▸ SUPPLIED DATA
--- START ---

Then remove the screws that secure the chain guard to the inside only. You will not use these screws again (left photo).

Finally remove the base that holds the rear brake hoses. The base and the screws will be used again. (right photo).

--- END ---
--- START ---

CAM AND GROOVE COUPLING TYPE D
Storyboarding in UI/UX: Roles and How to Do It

--- END ---

▸ TASK ITEM
Please give an exact copy of the lines above, beginning with the line containing "Then remove the" and running through the line containing "Finally remove the", and of no other lines.

▸ ANSWER TO THE EXERCISE
Then remove the screws that secure the chain guard to the inside only. You will not use these screws again (left photo).

Finally remove the base that holds the rear brake hoses. The base and the screws will be used again. (right photo).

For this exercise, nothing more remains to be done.